Actuellement, le soin découle principalement de l’effort silencieux des familles (surtout des femmes) qui effectuent des tours de force pour soigner leurs petits-enfants, leurs proches pas si petit·e·s et leurs ainé·e·s, avec des conséquences quotidiennes sur leur santé, leur bien-être et leurs projets de vie à court, moyen et long terme. Cet engagement est complété, en premier lieu, par l’existence de programmes, de services, de congés et de prestations publiques. Ceux-ci sont indispensables pour réduire la charge de soins des familles, mais s’avèrent souvent insuffisants, ne garantissant pas toujours l’accès à qui en a besoin et ne s’adaptant pas toujours aux conditions de celles et ceux qui y accèdent.
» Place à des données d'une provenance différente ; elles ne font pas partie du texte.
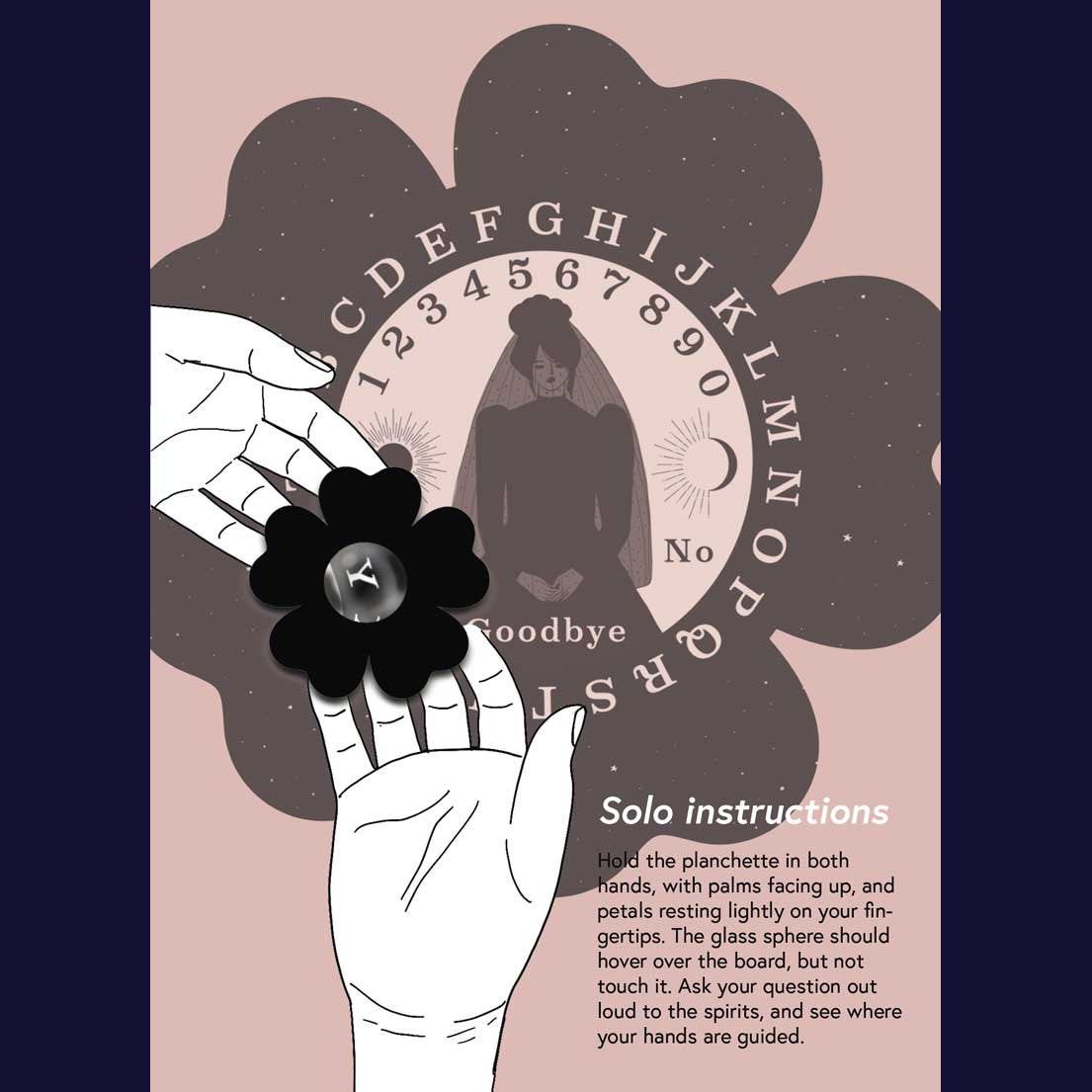 - A custom-printed cardboard box that fits the folded board + planchette for safe keeping.

Deuxièmement, il ne faut pas perdre de vue la solidarité, entre autres, de voisin·e·s ou d’ami·e·s. Cette solidarité s’avère indispensable pour accompagner le soin de manière communautaire, mais elle reproduit souvent la division sexuée du travail prévalant dans les foyers et se déroule dans un contexte où les relations de voisinage et les rapports communautaires perdent leur intensité et s’atomisent. Finalement, il est crucial de rendre visible la croissance du soin comme niche économique en réponse à l’augmentation de sa demande sociale. Cette réponse se traduit souvent dans la supposée couverture d’un besoin basique comme le soin en générant de nouvelles sources de commerce, de précarité du travail et d’exclusions sociales.
Face à cette situation se font entendre les voix demandant une réflexion généralisée sur l’organisation sociale du soin. Ces dernières années, de nombreuses études et travaux analytiques ont ouvert la voie vers la construction d’un agenda politique transformateur et féministe. Dans un cadre pluriel qui se propose d’alimenter ce débat, l’objectif de cet article est de contribuer à définir quels devraient être les principaux axes d’une politique féministe et de démocratisation du soin.
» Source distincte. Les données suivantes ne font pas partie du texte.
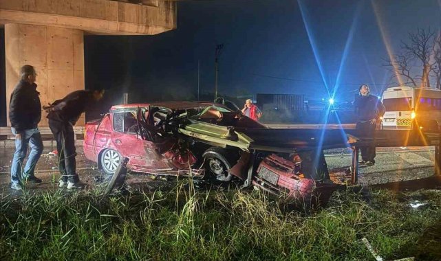 Kaza, bugün sabah saat 04.00 sıralarında Tekirdağ Çevreyolu'nun İstanbul yönü Ramada Otel yakınlarında meydana geldi. Fatih Keser idaresindeki 59 ANS 574 plakalı otomobil, sürücüsünün direksiyon kontrolünü kaybetmesi sonucu bariyerlere çarptı. Çarpmanın şiddetiyle araç adeta hurdaya döndü.

Partant de la prémisse que le soin constitue un ciment indispensable de notre vie commune et qu’il doit donc être mis au centre des priorités politiques, sociales et économiques, l’objectif de démocratisation des soins doit s’adresser tant aux personnes qui les donnent qu’à celles qui les reçoivent. Cet objectif se réfère premièrement à la reconnaissance du soin comme partie centrale de la vie socio-économique ; deuxièmement à la promotion de la coresponsabilité de l’ensemble des acteurs sociaux pour garantir l’accès à un soin digne et de qualité ; et troisièmement à un plaidoyer clair pour éradiquer les inégalités sociales caractérisant la délivrance et la réception du soin.
Le regard de l’économie féministe : où agissons-nous ?
L’économie féministe apporte une vision du monde visant à la promotion de la vie des personnes et prenant en considération la totalité des travaux nécessaires à la subsistance, au bien-être et à la reproduction sociale. L’économie féministe revendique la vulnérabilité et l’(inter)dépendance comme inhérentes à la vie humaine et défend la centralité des soins comme un aspect fondamental et indispensable de l’économie, des besoins humains et du tissu de la vie (Carrasco, 2011 ; Pérez Orozco, 2014). Ainsi, face au cours mercantile et monétariste des modèles économiques conventionnels, l’économie féministe refuse, premièrement, de limiter son intérêt, son analyse et son action à la sphère considérée comme productive et au travail uniquement mercantile – historiquement considéré comme masculin. Deuxièmement, revendique les apports importants réalisés à partir du travail non mercantile non seulement au fonctionnement de l’ensemble du système économique, mais particulièrement au soin de la vie humaine et à la mesure du bien-être – historiquement considérés comme féminin.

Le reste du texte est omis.